[Stored items]
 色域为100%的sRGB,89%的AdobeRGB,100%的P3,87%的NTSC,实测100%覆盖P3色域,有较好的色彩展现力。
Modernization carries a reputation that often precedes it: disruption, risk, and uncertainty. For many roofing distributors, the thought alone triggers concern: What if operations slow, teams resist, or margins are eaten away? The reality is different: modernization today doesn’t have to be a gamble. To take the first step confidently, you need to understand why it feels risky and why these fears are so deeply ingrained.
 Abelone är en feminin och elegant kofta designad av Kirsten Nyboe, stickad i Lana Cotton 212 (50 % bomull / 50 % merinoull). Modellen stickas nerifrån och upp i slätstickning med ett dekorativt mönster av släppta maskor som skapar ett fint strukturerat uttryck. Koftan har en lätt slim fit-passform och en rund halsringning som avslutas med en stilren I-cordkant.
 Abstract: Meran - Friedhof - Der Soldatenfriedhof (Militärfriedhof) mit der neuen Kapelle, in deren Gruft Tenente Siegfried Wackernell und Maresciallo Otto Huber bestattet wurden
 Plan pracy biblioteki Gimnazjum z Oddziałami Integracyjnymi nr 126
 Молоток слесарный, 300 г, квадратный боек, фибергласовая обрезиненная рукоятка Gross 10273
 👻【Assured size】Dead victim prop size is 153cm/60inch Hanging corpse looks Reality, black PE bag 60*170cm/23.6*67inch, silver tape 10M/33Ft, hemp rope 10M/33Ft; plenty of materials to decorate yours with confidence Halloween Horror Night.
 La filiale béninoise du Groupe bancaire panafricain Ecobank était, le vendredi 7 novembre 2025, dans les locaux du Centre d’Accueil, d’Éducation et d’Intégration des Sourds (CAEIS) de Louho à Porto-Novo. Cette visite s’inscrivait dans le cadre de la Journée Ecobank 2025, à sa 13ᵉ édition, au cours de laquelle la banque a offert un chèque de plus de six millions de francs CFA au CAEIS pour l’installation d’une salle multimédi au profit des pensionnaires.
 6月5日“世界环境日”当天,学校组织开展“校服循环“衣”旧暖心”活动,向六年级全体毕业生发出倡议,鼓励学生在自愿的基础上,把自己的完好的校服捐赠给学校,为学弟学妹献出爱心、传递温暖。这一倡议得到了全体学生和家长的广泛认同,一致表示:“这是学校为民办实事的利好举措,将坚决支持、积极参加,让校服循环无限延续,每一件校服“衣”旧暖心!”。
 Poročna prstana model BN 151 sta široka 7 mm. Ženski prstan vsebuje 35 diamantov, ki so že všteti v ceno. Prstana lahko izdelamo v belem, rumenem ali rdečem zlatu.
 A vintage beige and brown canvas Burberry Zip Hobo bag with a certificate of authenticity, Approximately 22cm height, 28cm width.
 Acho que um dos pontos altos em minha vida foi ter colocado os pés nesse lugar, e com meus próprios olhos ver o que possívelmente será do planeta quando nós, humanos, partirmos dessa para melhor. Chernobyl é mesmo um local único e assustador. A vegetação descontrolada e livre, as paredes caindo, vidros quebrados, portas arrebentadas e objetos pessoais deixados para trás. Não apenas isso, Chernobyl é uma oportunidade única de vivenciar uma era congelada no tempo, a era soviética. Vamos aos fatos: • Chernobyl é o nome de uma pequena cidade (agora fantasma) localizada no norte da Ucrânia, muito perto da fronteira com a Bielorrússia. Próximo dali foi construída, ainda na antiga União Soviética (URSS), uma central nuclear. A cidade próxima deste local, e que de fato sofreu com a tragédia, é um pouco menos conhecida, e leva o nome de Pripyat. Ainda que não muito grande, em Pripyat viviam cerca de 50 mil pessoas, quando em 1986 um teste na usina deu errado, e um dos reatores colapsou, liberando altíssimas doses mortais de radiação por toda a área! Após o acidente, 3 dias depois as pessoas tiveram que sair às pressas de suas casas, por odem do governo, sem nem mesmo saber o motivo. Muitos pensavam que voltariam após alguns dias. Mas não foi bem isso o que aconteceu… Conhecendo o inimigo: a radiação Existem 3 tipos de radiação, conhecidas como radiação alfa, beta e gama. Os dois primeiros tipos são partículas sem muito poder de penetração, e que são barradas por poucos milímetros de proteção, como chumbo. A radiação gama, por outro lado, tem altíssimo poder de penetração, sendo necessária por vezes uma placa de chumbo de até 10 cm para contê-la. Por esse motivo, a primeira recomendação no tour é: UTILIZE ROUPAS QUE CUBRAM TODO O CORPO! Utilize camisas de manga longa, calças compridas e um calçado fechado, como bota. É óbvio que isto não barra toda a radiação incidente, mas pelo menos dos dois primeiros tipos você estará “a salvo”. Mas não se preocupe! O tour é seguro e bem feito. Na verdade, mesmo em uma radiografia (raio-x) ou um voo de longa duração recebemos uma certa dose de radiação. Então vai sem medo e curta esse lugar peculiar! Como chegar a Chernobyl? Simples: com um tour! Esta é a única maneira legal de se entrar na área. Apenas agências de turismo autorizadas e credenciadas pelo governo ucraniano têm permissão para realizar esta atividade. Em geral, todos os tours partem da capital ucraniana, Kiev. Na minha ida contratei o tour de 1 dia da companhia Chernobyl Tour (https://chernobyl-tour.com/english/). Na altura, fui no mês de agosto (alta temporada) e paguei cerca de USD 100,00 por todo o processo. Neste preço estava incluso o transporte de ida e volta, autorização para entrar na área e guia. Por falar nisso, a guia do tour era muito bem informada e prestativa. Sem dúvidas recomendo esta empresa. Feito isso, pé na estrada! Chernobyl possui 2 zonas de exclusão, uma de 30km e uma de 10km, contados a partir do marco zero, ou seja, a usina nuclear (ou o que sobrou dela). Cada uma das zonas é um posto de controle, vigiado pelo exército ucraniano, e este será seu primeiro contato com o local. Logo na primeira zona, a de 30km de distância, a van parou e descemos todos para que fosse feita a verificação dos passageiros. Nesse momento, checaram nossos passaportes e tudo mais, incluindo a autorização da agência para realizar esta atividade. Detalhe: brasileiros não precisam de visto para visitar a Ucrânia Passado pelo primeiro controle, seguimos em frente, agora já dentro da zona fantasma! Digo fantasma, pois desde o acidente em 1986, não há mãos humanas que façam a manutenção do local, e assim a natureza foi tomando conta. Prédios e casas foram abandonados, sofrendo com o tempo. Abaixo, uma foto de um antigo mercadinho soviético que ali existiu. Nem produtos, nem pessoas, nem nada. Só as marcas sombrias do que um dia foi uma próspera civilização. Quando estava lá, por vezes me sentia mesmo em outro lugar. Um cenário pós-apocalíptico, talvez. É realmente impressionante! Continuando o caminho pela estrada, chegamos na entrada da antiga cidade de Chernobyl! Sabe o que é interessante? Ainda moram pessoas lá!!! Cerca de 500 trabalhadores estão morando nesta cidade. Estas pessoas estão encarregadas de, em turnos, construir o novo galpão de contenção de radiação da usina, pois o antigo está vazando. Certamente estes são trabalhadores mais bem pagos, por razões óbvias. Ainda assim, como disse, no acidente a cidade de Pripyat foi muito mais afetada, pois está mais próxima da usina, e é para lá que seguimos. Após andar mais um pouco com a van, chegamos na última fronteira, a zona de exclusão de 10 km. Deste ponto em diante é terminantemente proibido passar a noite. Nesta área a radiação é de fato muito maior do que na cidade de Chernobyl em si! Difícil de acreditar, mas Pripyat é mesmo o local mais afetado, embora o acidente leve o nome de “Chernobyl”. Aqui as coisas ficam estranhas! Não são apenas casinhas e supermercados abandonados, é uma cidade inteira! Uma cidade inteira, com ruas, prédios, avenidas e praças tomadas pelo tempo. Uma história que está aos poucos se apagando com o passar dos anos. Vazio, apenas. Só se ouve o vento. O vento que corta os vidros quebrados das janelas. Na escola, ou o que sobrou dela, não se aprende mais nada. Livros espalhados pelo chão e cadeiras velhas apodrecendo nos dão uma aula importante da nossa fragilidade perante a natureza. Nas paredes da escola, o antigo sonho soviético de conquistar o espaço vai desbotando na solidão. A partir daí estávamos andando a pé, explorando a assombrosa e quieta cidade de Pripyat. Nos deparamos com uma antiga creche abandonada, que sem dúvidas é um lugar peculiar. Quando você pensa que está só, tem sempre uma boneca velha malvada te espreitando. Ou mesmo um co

(Exercise objective):
Among the records above, extract exactly the lines from the line with "Modernization carries a" to the line with "Halloween Horror Night.", both lines included, and leave out the rest.

(Reply to the task):
Modernization carries a reputation that often precedes it: disruption, risk, and uncertainty. For many roofing distributors, the thought alone triggers concern: What if operations slow, teams resist, or margins are eaten away? The reality is different: modernization today doesn’t have to be a gamble. To take the first step confidently, you need to understand why it feels risky and why these fears are so deeply ingrained.
 Abelone är en feminin och elegant kofta designad av Kirsten Nyboe, stickad i Lana Cotton 212 (50 % bomull / 50 % merinoull). Modellen stickas nerifrån och upp i slätstickning med ett dekorativt mönster av släppta maskor som skapar ett fint strukturerat uttryck. Koftan har en lätt slim fit-passform och en rund halsringning som avslutas med en stilren I-cordkant.
 Abstract: Meran - Friedhof - Der Soldatenfriedhof (Militärfriedhof) mit der neuen Kapelle, in deren Gruft Tenente Siegfried Wackernell und Maresciallo Otto Huber bestattet wurden
 Plan pracy biblioteki Gimnazjum z Oddziałami Integracyjnymi nr 126
 Молоток слесарный, 300 г, квадратный боек, фибергласовая обрезиненная рукоятка Gross 10273
 👻【Assured size】Dead victim prop size is 153cm/60inch Hanging corpse looks Reality, black PE bag 60*170cm/23.6*67inch, silver tape 10M/33Ft, hemp rope 10M/33Ft; plenty of materials to decorate yours with confidence Halloween Horror Night.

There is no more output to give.